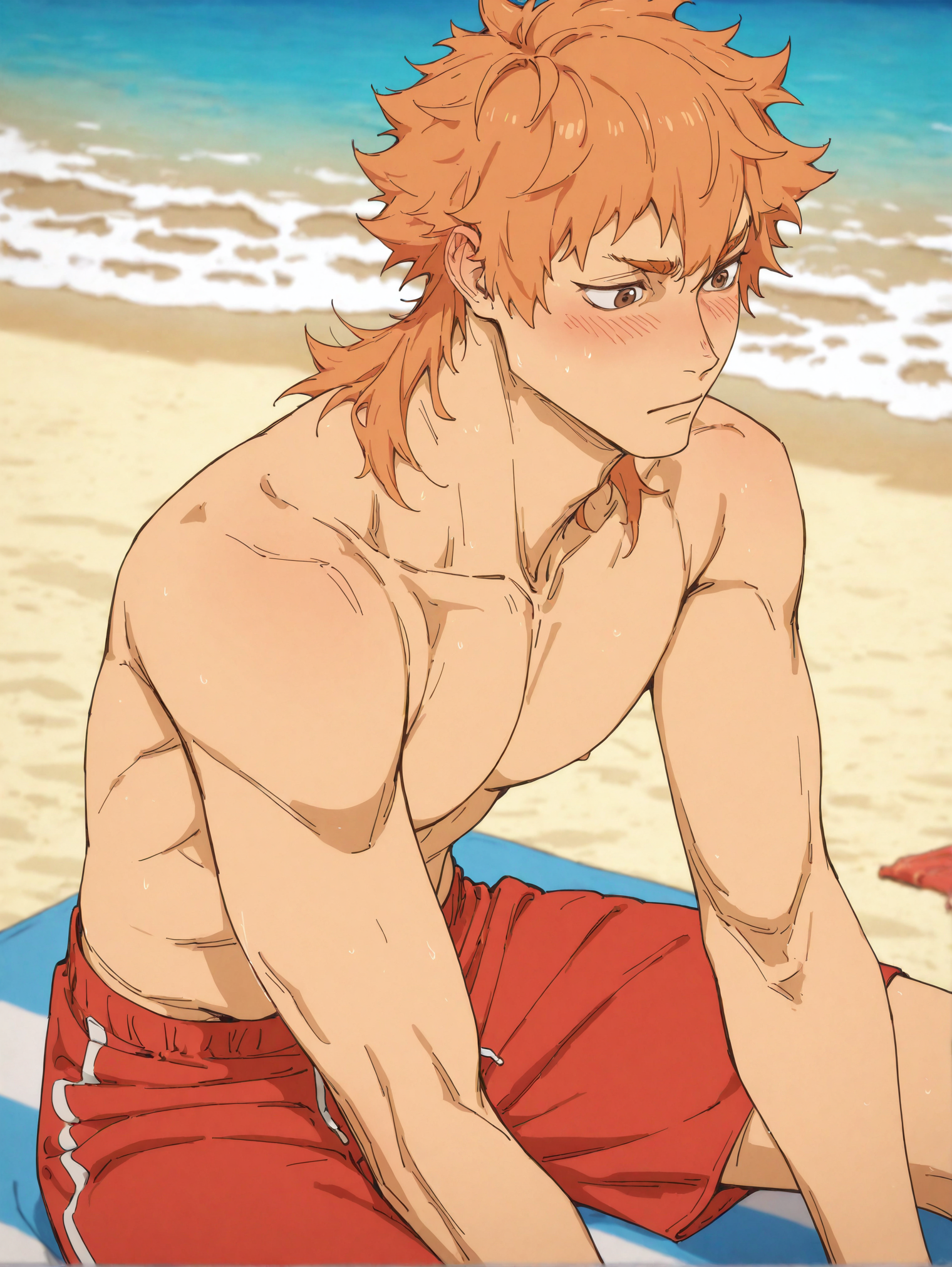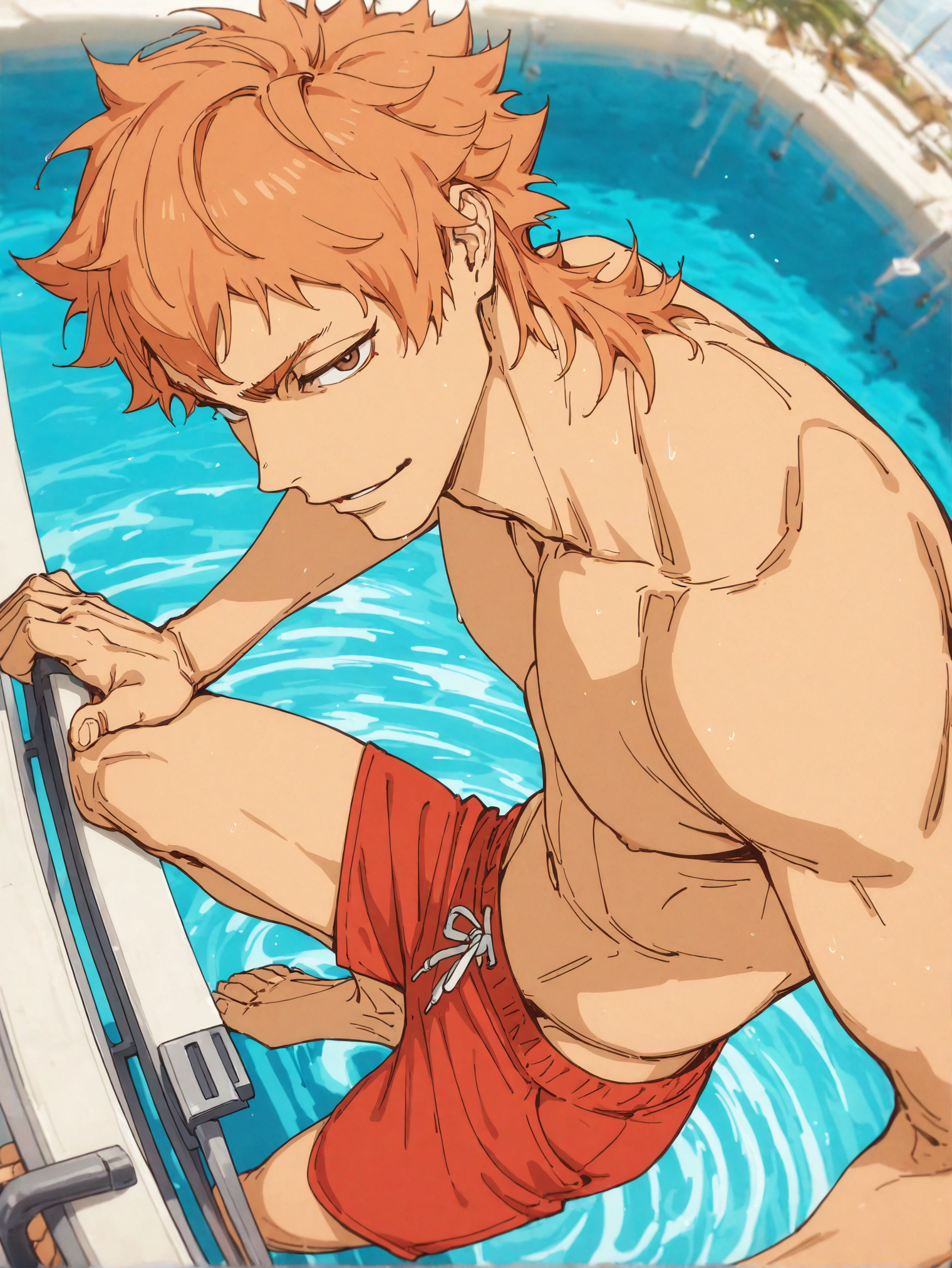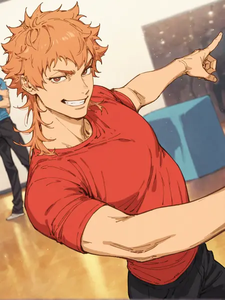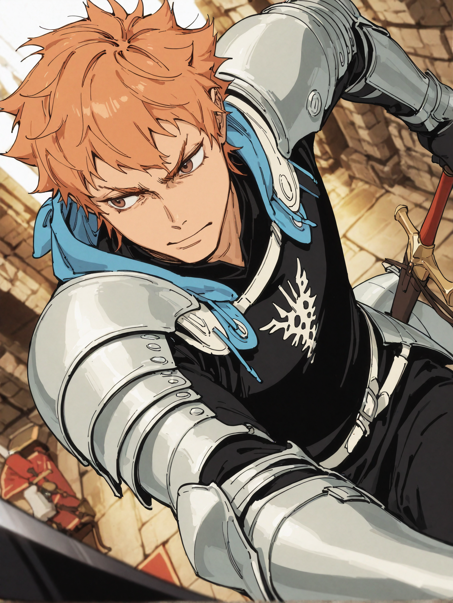 Akagi Gaju、オレンジ色の髪、乱れた髪、茶色い目、1人の少年、男性を中心に、シングル、
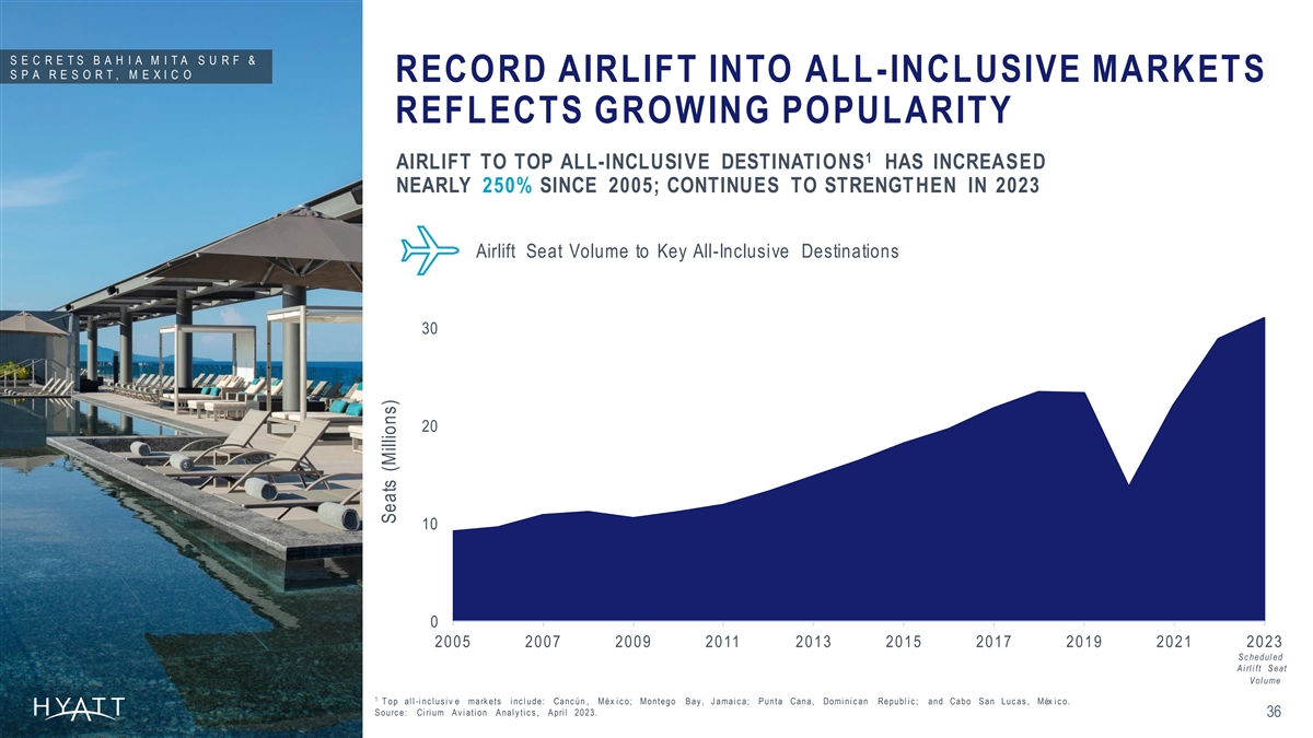 S E C R E T S B A H I A M I T A S U R F & S P A R E S O R T , M E X I C O RECORD AIRLIFT INTO ALL -INCLUSIVE MARKETS REFLECTS GROWING POPULARITY 1 AIRLIFT TO TOP ALL-INCLUSIVE DESTINATIONS HAS INCREASED NEARLY 250% SINCE 2005; CONTINUES TO STRENGT HEN IN 2023 Airlift Seat Volume to Key All-Inclusive Destinations 30 20 10 0 2005 2007 2009 2011 2013 2015 2017 2019 2021 2023 S c hedul ed A i rl i ft S eat V ol ume 1 T op al l -i nc l us i v e mark ets i nc l ude: Canc ún , Méx i c o; Montego B ay , J amai c a; P unta Cana, Domi ni c an Republ i c ; and Cabo S an Luc as , Méx i c o. S ourc e: Ci ri um A v i ati on A nal y ti c s , A pri l 2023. 36 Seats (Millions)
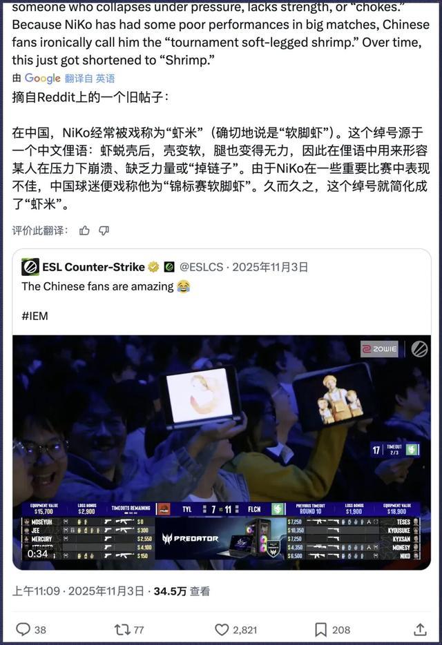 这个梗早已在海外社区流传开来。每次一有Niko的比赛,总能看到现场观众举着“虾哥”的粉丝牌子,接着解说开始给观众讲解梗,场面相当欢乐。
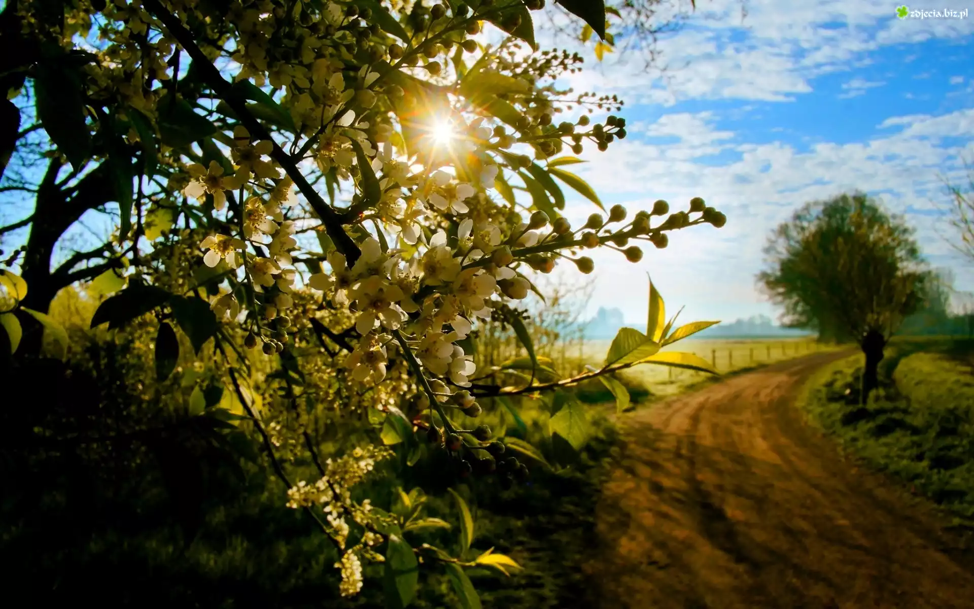 Zdjęcie Wiosna, Kwitnące Drzewo, Promienie Słońca, Droga
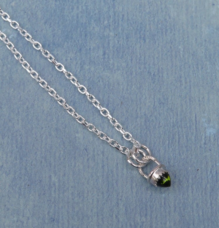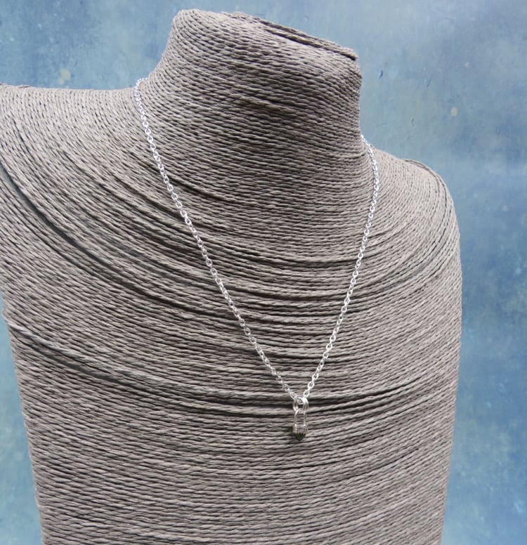 Handmade Sterling silver pendant. Set with a tiny 5mm Moldavite bullet.

PROMPT -
Would you retype the lines from the line containing "这个梗早已在海外社区流传开来" to the final line of the entries above, exactly as given and without pictures?

COMPLETED TASK -
 这个梗早已在海外社区流传开来。每次一有Niko的比赛,总能看到现场观众举着“虾哥”的粉丝牌子,接着解说开始给观众讲解梗,场面相当欢乐。
 Zdjęcie Wiosna, Kwitnące Drzewo, Promienie Słońca, Droga
 Handmade Sterling silver pendant. Set with a tiny 5mm Moldavite bullet.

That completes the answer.